Where the specific newdefer was called, as follows:

func deferproc(siz int32, fn *funcval) { // arguments of fn follow fn
    sp := getcallersp()
    argp := uintptr(unsafe.Pointer(&fn)) + unsafe.Sizeof(fn)
    callerpc := getcallerpc()

    d := newdefer(siz)

It is clear that the deferProc method that was called in the previous version is now used for scenarios that are assigned to the heap.


  • One thing is certaindeferprocIt wasn’t eliminated, it was optimized.
  • The Go compiler chooses to use it according to the application scenariodeferprocordeferprocStackMethods, which are for usage scenarios allocated on the heap and stack, respectively.

Where is the optimization

The main optimization is a change in the stack allocation rules for its deferred object, as the compiler analyzes the depth of the for-loop iteration for the deferred object.

// src/cmd/compile/internal/gc/esc.go
case ODEFER:
    if e.loopdepth == 1 { // top level
        n.Esc = EscNever // force stack allocation of defer record (see ssa.go)

If the GO compiler detects a loopdepth of 1, the result of escape analysis is set and allocated to the stack, otherwise to the heap.

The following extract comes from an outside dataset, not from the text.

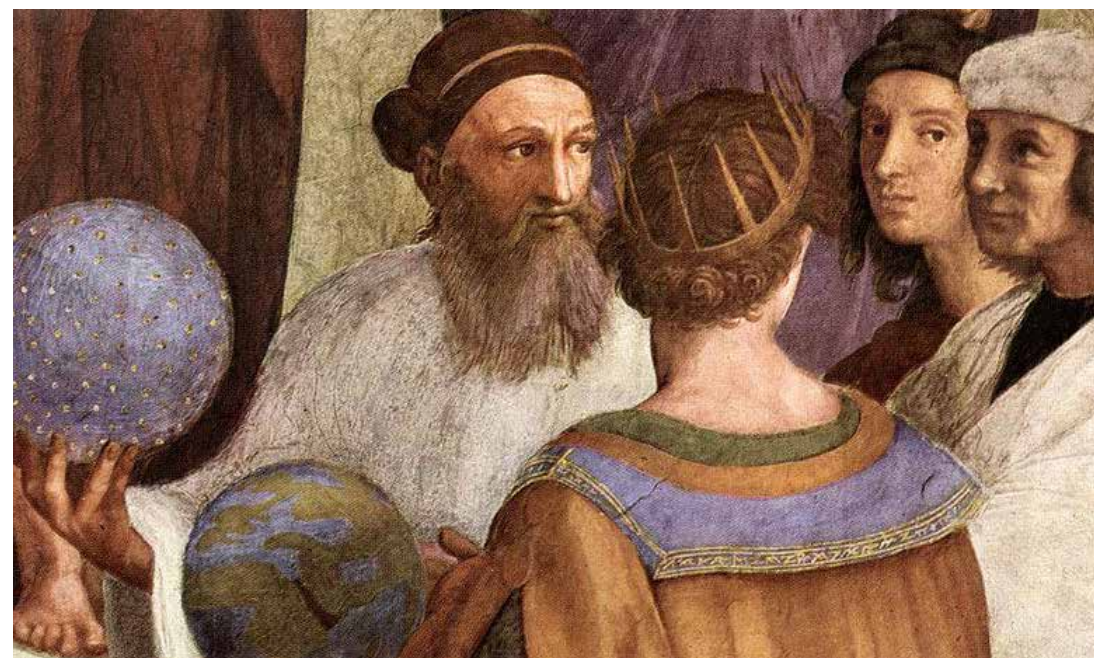
Zarathustra a gömbbel

Egy filozofikus műről van szó, de csodálatos nyelvezete miatt irodalmi műként is szoktak rá tekinteni. A négy könyv a Zarathustra alakjába bújít próféta tanításait foglalja össze. Egyik ilyen tanítása az emberfeletti ember (Übermensch) fogalma, mely elválaszthatatlan a meghalt Isten gondolatától. „Gott ist tot - Isten halott.” És mi emberek öltük meg – írja Nietzsche. Nietzsche művében Isten a viszonyítási pont, az érték forrása, a Rend, az erkölcs. Halálával az ember magára maradt, elveszítette a kereteket. Ha Isten halott, akkor nincs megváltás, nincs gondoskodás, nincs viszonyítási pont. Akkor innentől kezdve az ember maga felelős önmagáért és a világ sorsáért

// src/cmd/compile/internal/gc/ssa.go
case ODEFER:
    d := callDefer
    if n.Esc == EscNever {
        d = callDeferStack
    s.call(n.Left, d)

In this way, a large amount of performance overhead brought by frequent calls to SystemStack, MallocGC and other methods is removed, so as to achieve the role of improving performance in most scenarios.

Loop call defer

Back to the problem itself, once you know the mechanics of DEFER tuning. Is there any performance impact to “leaving the defer keyword in the loop?”

The most immediate effect is that around 30% of the performance optimizations are completely lost, and because of the incorrect posture, the theoretical deferring of the existing overhead (long linked list) also increases and the performance degrades.

So we want to avoid code for the following two scenarios:

  • Explicit loop: An explicit loop is called outside of the call to defer keyword, such as:for-loopStatements, etc.
  • Implicit loop: There is loop-like nested logic on the call to defer keyword, such as:gotoStatements, etc.

Explicit cycle

The first example is to use the defer keyword directly within the code’s for loop:

func main() { for i := 0; i <= 99; I++ {defer func () {FMT. Println (" brain into fish ")} ()}}

This is the most common pattern, whether it’s for crawlers or for Goroutine calls, and many people like to write this.

This is an explicit call to the loop.

The implicit cycle

The second example is using a keyword like goto in your code:

func main() {
    i := 1
    defer func() {}()
    if i == 1 {
        i -= 1
        goto food

This is rare, because the goto keyword is sometimes even listed as a code specification that is not intended for use, which is often a source of abuse, so most of the logic is implemented the way it is.

This is an implicit call, resulting in a class loop.


Obviously, Defer didn’t say that he was doing anything particularly fantastic by design. He is mainly based on the actual application of some scenarios for optimization, to achieve better performance.

Although there is a little overhead involved in defering itself, it is not as cumbersome as you might think. Only consider tuning if you defer the code you’ve deferred is code that needs to be executed frequently.

Otherwise, there’s no need to get too tangled up. In fact, when you guess or run into a performance problem, just look at the Pprof analysis to see if you’re in the corresponding hot path and tune it properly.

An optimization might as well be simply removing the defer and executing manually, which is not complicated. Avoid the minefields of deferred explicit and implicit loops when coding to maximize performance.

If you have any questions, please feel free to give feedback and exchange in the comment section. The best relationship is mutual achievement. Your thumb up is the biggest motivation for Fried Fish’s creation.

The article is updated continuously, you can search “brain into fried fish” to read, reply [
000I have prepared the first line of big factory interview algorithm solutions and information; In this paper,
github.com/eddycjy/blogHas been included, welcome STAR to urge more.